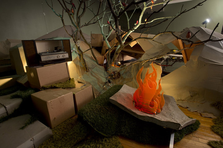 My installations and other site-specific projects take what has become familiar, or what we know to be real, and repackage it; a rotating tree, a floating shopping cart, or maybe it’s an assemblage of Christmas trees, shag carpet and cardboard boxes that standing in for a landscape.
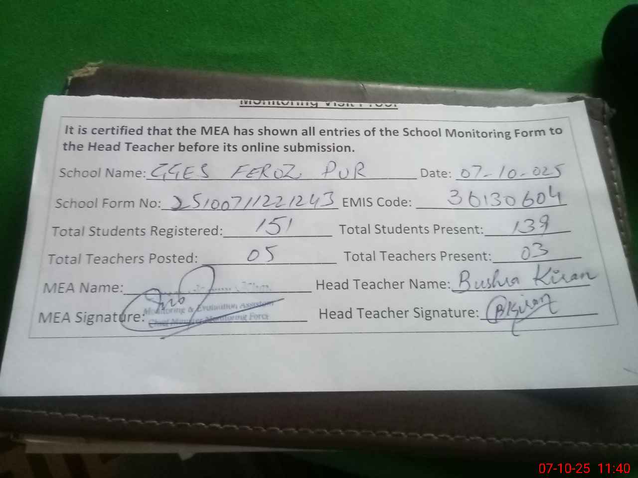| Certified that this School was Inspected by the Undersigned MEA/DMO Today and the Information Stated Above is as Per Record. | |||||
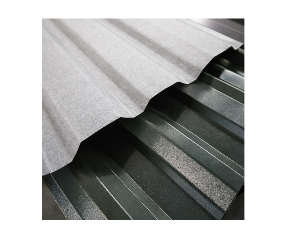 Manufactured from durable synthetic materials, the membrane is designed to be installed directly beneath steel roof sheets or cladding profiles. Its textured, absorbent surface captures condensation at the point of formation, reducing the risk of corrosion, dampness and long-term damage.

EXERCISE OBJECTIVE –
Would you please output the listing above exactly, leaving out the pictures?

ANSWER SPACE –
 My installations and other site-specific projects take what has become familiar, or what we know to be real, and repackage it; a rotating tree, a floating shopping cart, or maybe it’s an assemblage of Christmas trees, shag carpet and cardboard boxes that standing in for a landscape.
| Certified that this School was Inspected by the Undersigned MEA/DMO Today and the Information Stated Above is as Per Record. | |||||
 Manufactured from durable synthetic materials, the membrane is designed to be installed directly beneath steel roof sheets or cladding profiles. Its textured, absorbent surface captures condensation at the point of formation, reducing the risk of corrosion, dampness and long-term damage.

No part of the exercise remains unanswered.